If $c$ is odd and $cy$ $≡$ $4$ mod $n$, then $c$ is coprime to $n$.
Then it follows that $cy-4 = na$, so $cy-na = 4$. Then by Bezout's lemma, there exists integers $d$ and $w$ where $d=y$ and $e=-a$ such that $cd+na=4$, so the hcf($c,n$) = $4$, but this contradicts the fact that $c$ is odd. Contradiction, so $c$ and $n$ are coprime.
I feel like it isn't correct to apply Bezout's lemma like this.

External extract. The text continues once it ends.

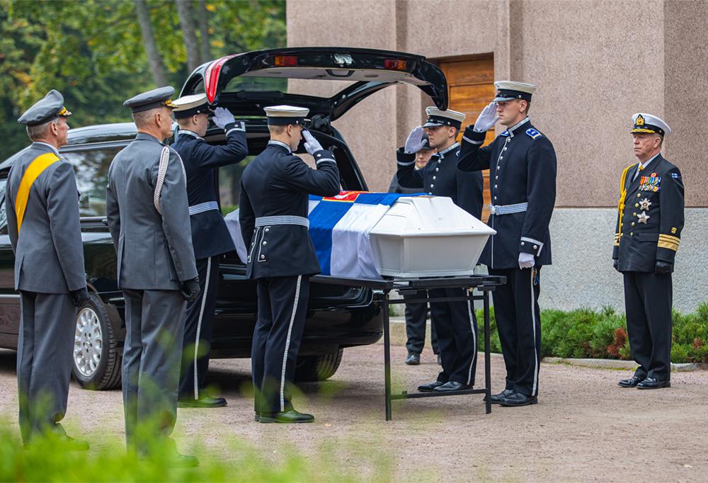 Puolustusvoimain entisen komentajan, amiraali Jan Klenbergin siunaustilaisuus järjestettiin tarkoin hiotuin sotilaallisin kunnianosoituksin. Klenbergin muistoa olivat kunnioittamassa kaikki elossa olevat Puolustusvoimain komentajat.

Help!
Alternative approach:
Given that :
$cy \equiv 4 \pmod{n}$
$c$ is odd.
To prove: $c$ is co-prime to $n$.
Without loss of generality, $c$ is not equal to either $(1)$ or $(-1)$.
For example, if $c = 1$, you could take $y = 13, n = 9.$
If $c = -1$, you could take $y = -13, n = 17.$
In both cases, you would have that $c,n$ are relatively prime.
From the premise, you know that $n$ divides $(cy - 4)$.
Suppose that $c$ is not co-prime to $n$.
Then, there exists some prime number $p$ such that $p$ divides $n$ and $p$ divides $c$.
Further, since $c$ is odd, you know that the prime number $p$ must be odd.
Since $n$ divides $(cy - 4)$, there exists some integer $a$ such that $an = cy - 4.$ Further, since $c$ is assumed to not equal $1$ or $-1$, and $c$ is odd, you know that $(cy)$ is not equal to $(4)$.
Therefore, $cy - 4$ is not equal to $(0)$. Therefore, $a$ is not equal to $(0)$.
So, you have that
$cy - an = 4$ and that $p$, an odd prime, divides both $n$ and $c$. Therefore, the odd prime $p$ divides $4$. This yields a contradiction.
Since the contradiction was explicitly caused by the assumption that there exists some prime $p$ such that $p$ is a factor of both $c$ and $n$, this assumption must be false.
Therefore, $c$ and $n$ must be coprime.